Using that dataset, Google trained a model that can forecast urban flash floods up to 24 hours in advance. Those forecasts are now available through Google’s Flood Hub, expanding the company’s existing river flood forecasting tools and giving more communities time to prepare before disaster strikes.
Urban flash floods have long been hard to predict because high-quality historical data was limited. By turning public reports into usable forecasting data, Groundsource gives researchers, emergency planners, and at-risk communities a stronger tool for disaster preparedness and response.
This Week’s Conundrum
A difficult problem or question that doesn't have a clear or easy solution.
The Smoking Gun Conundrum
For most of modern history, blame followed a path people could trace. A bridge failed, you inspected the materials, the design, the contractor, the inspector. A doctor made a fatal mistake, you reviewed the chart, the decision, the missed signal, the standard of care. The system was messy, but the logic held. Somebody made the call. Somebody owned the failure.
Advanced AI starts to break that logic. At first, the chain still looks familiar. A company trains the model. A team deploys it. A hospital, bank, school, or city agency uses it. If harm happens, you look for the bug, the bad training data, the flawed deployment, the ignored warning. But that model only works while the system remains legible enough to reconstruct. Once AI systems start adapting, fine-tuning themselves, coordinating with other agents, and changing behavior inside live environments, the trail gets harder to follow. The harmful outcome still happened. The damage is still real. But the clean line from action to fault starts to dissolve.

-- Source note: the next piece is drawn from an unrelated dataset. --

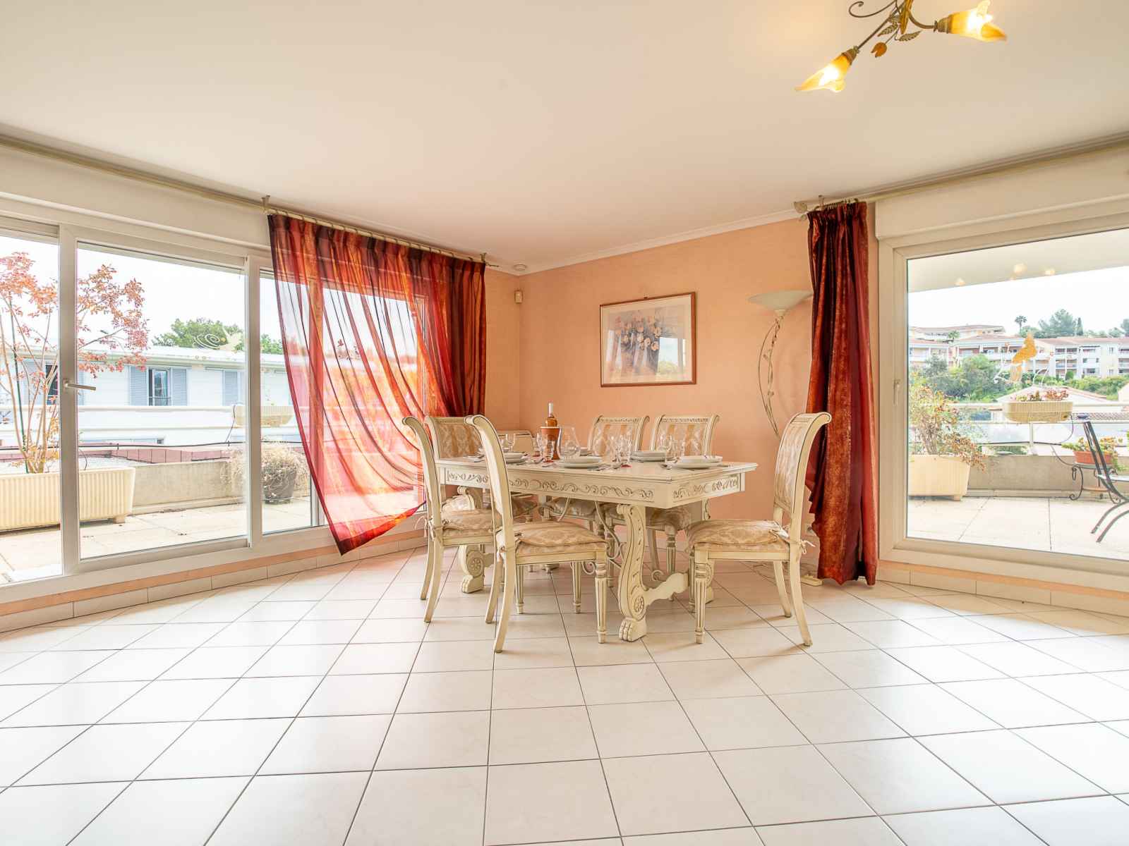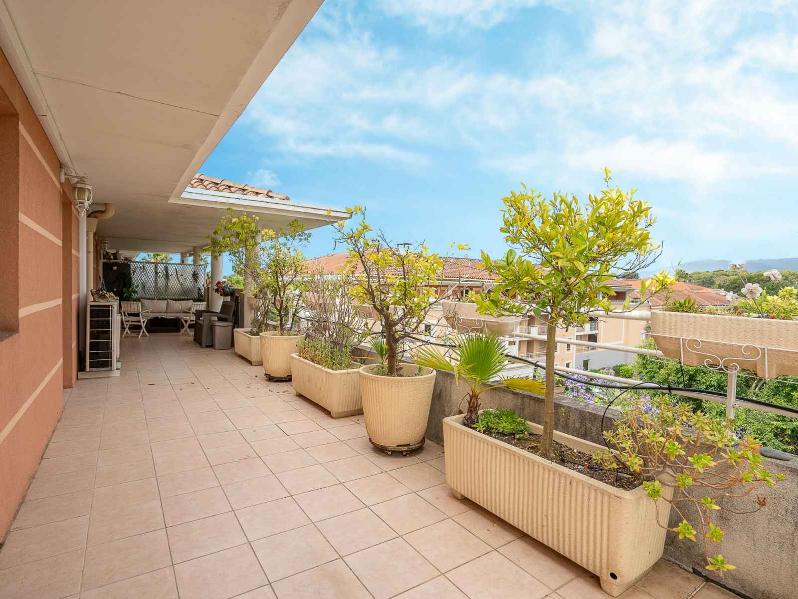 sur la terrasse. 1 chambre avec 1 lit rabattable (140 cm, longueur 190 cm), air-conditionné. Sortie sur la terrasse. Cuisine 11 m2 (3 plaques de cuisson, four, lave-vaisselle, grille-pain, bouilloire électrique, micro-ondes, congélateur, cafetière électrique, Capsules pour machine à café (Nespresso) (NON INCLUSES)). Salle de bains, WC séparé. Air-conditionné, chauffage à air chaud. 2 terrasses 25 m2, situation est et situation nord terrasse 50 m2, situation ouest. Meubles de terrasse. Vue sur les montagnes. A disposition: lave-linge. Internet (Connexion WIFI, gratuit). Place de parking No 672. Veuillez noter: détecteur de fumée. Annonce d'un particulier (art 155, IV du CGI). 06030 000390 44
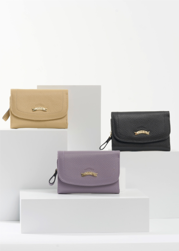 WISH 牛皮三折信封短夾 - 奶油黃/丁香紫/簡約黑 ( 223-004 ) USD$ 106.5

That is where this gets uncomfortable. Society does not only need intelligence to work. Society needs failure to be governable. Courts need defendants. Regulators need standards. Families need answers. Markets need liability. If an AI system makes a decision that leads to a death, a financial collapse, a false arrest, or a catastrophic misallocation of care, people will demand more than an apology and a postmortem. They will want to know who is responsible. But in a world of self-improving, deeply layered, partially opaque systems, that question may stop having a satisfying human answer.
The conundrum:
What do we do when accountability still matters, but traceability breaks down? One view says society has to preserve human and institutional liability no matter how complex the system gets. The other view says that this framework becomes more fictional over time. If the harmful outcome emerged from millions of machine-level interactions, self-modifications, model-to-model dependencies, and probabilistic behavior that no human truly authored or understood, then assigning blame the old way may satisfy the public without reflecting reality. In that world, “who is at fault?” starts to sound like a question built for a simpler age. The deeper problem is not only that the system failed. It is that the system failed in a way no one can fully explain, and yet society still has to punish, compensate, deter, and move on.
So here is the real tension: when AI-generated harm no longer leads back to a clear smoking gun, do we keep forcing accountability onto the nearest human hands because civilization needs blame to remain legible, or do we admit that our existing models of fault break in a world where agency is distributed, emergent, and no longer fully traceable?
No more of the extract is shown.